Martina: "Amo lo sport, la competizione e stare con gli altri

27 dic 2017, 12:53

Martina Casagrande, 28 anni di Viterbo, è una ragazza solare e determinata; ama stare in compagnia, le piacciono le sfide attraverso le quali ricerca un miglioramento continuo di se stessa che le infonde coraggio e sicurezze.

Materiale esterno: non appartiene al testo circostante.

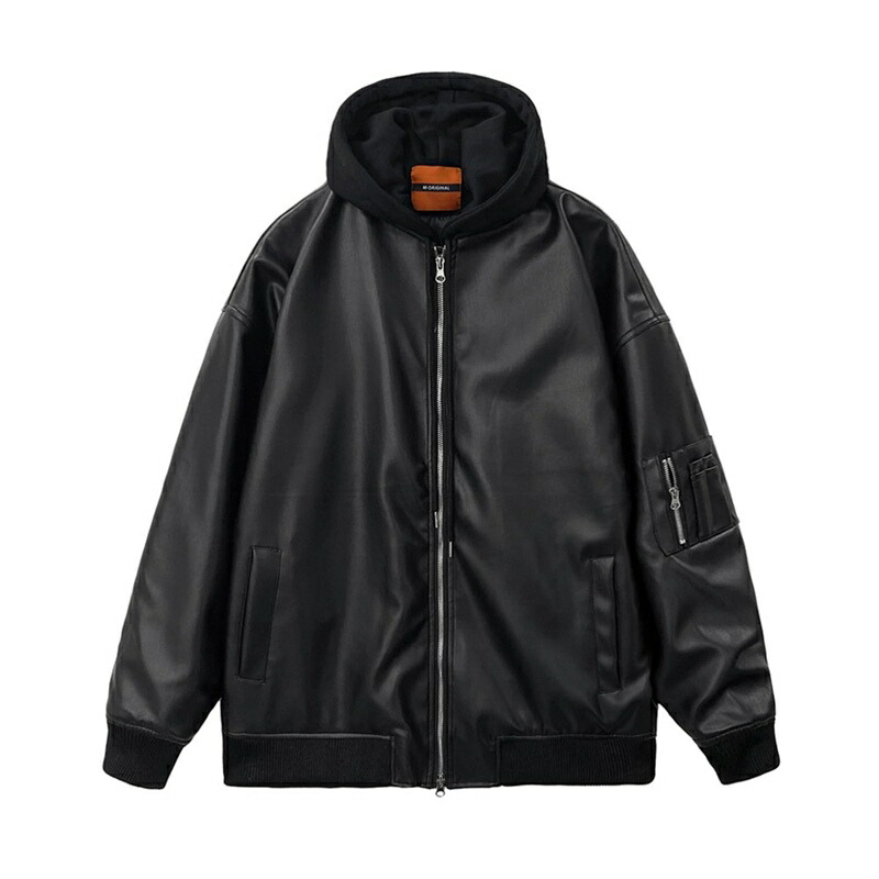 革ジャン PUレザージャケット メンズ スタジャン ゆったり フェイクレイヤード フード付き パーカー ライダースジャケット カジュアル ジャンパー 防風 アウター おしゃれ 大きいサイ ジップアップ

“Il momento della nascita di Martina – ricordano Anna e Ciro, rispettivamente la mamma ed il papà – è stata una gioia grandissima, era molto piccola ma bella, con un visetto tondo tondo. Poi, dopo pochissimo, arrivarono le prime preoccupazioni. Mangiava poco e male, rigurgiti in continuazione, tanti esami e nessuna risposta. Martina, anziché crescere, continuava a perdere peso. Dalla gioia più grande siamo sprofondati in un attimo nell'incubo più nero. Al momento delle mie dimissioni dall’ospedale l’incontro devastante con il primario della pediatria: “Purtroppo la bambina è Down, non sarà mai come gli altri, sarà handicappata tutta la vita”. Più che una comunicazione, seppur priva di sensibilità, è stata una vera e propria sentenza; una sorta di condanna che non lasciava scampo”.
Oltre le difficoltà
“Tornati a casa abbiamo cercato conforto nelle persone care, sorelle, amici e genitori ma lo sconforto lasciava rapidamente il posto al pensiero di quella bambina piccola e indifesa che aveva bisogno di tante cure ed attenzioni. Martina continuava a stare male ed era arrivata a pesare circa 1,9 Kg; il Prof. Dall’Oglio, dell'Unità Operativa di Chirurgia del Bambino Gesù, che constatò una stenosi duodenale, la fece trasportare d'urgenza a Roma e la operò nel cuore della notte. Nostra figlia si riprese bene e nel
frattempo conoscemmo altri medici che, con molta sensibilità, ci diedero dei consigli più ottimistici. Non è stato difficile accettarla, è sempre stata la nostra bambina, dolce, buona e molto attenta a suo fratello Michele, di un anno più grande, definito dal Neuropsichiatra che la seguiva, il Dott. Albertini, “ il nostro professore in casa”, uno stimolo importante ai fini della sua crescita. Una casa, la nostra, sempre piena di bambini e Martina sempre insieme a loro”.
La scuola ed il lavoro
“Poi è arrivata l’età – prosegue la mamma – della scuola materna, elementari e così via. La difficoltà più grande è stata all’inizio delle elementari, poche attenzioni per via di continui cambi di insegnanti di sostegno. Non mi sono arresa e le tante ore pomeridiane impegnate su libri e quaderni hanno dato, nel tempo, i loro frutti. Martina legge e scrive sia in stampatello che in corsivo; ha sempre frequentato la scuola con impegno svolgendo tutti i compiti che le venivano richiesti. Ricordo con grande amarezza quando, in terza media, l'insegnante di sostegno voleva a tutti i costi che Martina rimanesse, alla fine dell'anno, all'interno di quel contesto. Martina voleva andare avanti, seguire il gruppo dei compagni con i quali aveva legato e che rappresentavano per lei un punto di riferimento. Dopo qualche tempo, seppi che se Martina non fosse andata via l’insegnante avrebbe mantenuto il sostegno senza doversi necessariamente trasferire in un'altra scuola: è doloroso pensare che le difficoltà di mia figlia siano state oggetto di strumentalizzazione. Di contro, alle superiori abbiamo trovato un bellissimo ambiente inclusivo che ricordiamo con grande gioia, così come l’impegno preso dalle insegnanti di una scuola materna dove tuttora, da otto anni circa, svolge un tirocinio lavorando con i bambini”.